While data on the topic is not readily available, both tenants and developers have told the New York Times, that the trend is in fact on the rise.

Amenities such as gyms, rooftop access and playrooms are used to attract high paying residents. Developers maintain that rent-regulated rules make it difficult to offer the same services to the rent-regulated tenants.

Controversy arose last year, when a so-called “poor door” was installed at a new development at 40 Riverside Boulevard, separating the rent-regulated tenants from the rest of the inhabitants of the building.

According to the New York Times, rent-regulated tenants are likely to be elderly or minorities, especially in Manhattan. Based on data from the New York University Furman Center for Real Estate and Urban Policy, 47 percent of rent-regulated tenants in 2011 were white. About 73 percent of market-rate renters in Manhattan were white in that same year.

Meanwhile, the price difference between a rent-regulated unit and a market rate one is substantial.
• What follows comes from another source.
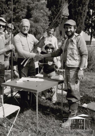 Gianfranco Pellizzoli a una gara con la sezione pesca del Cral aziendale. Anni '70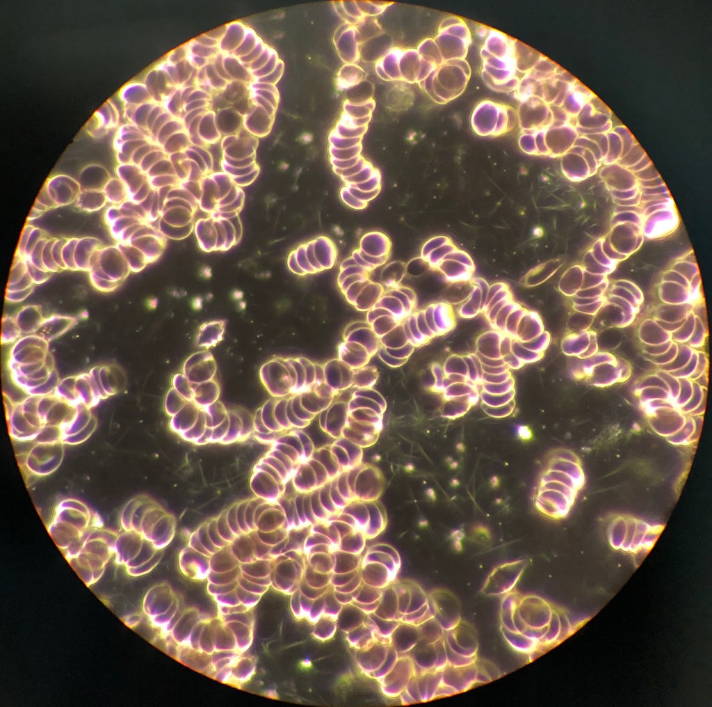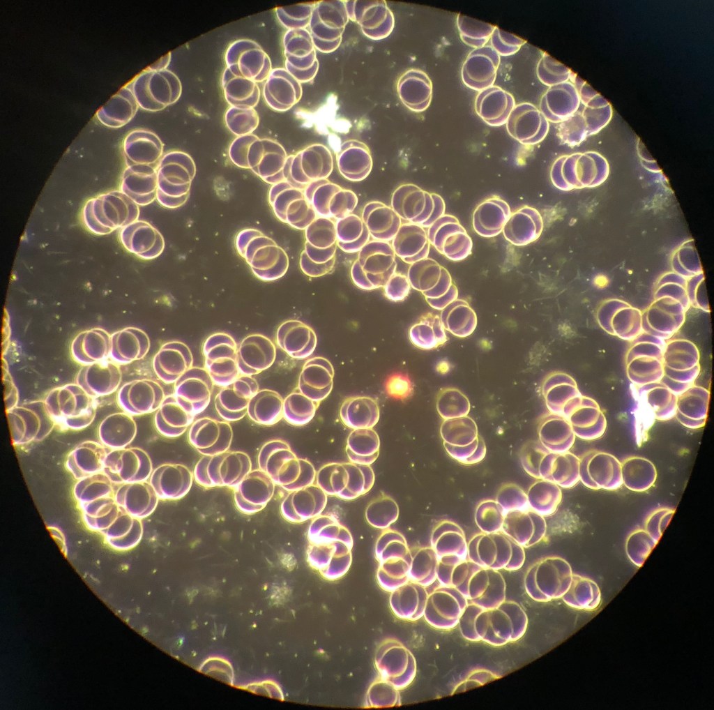 Leider konnte die Familie den ersten Schritt nicht vollziehen, da die Anreise zum Untersuchungsort bereits mit dem Elektroauto stattgefunden hat. Ein optimales Blutbild unter dem Dunkelfeldmikroskop sollte wie folgt aussehen:

The median for a rent-regulated apartment in Manhattan was $1,321 per month, while the median for a market rate one is $2,696. [NYT] — Claire Moses

4 Responses to “Law targets double-standard in treatment of rent-regulated tenants”

  1. May 16, 2014 at 3:06 pm, too many regs said:

    we need their incomes to determine if these tenants are due affordable housing otherwise they will exploit these protections and just remove a part in the gym or the door so they can demand a DHCR rent reduction of services.

  2. May 16, 2014 at 10:42 pm, Douglas Peterson said:

    all

  3. May 18, 2014 at 12:45 pm, marknroses said:

    wrong windermere (on the left). that one you are showing has been abandoned since the 1960s and is being gut rehabbed into market rate luxury i think.

  4. May 19, 2014 at 8:34 am, NotSurprised said:

    Preferential treatment always breeds resentment.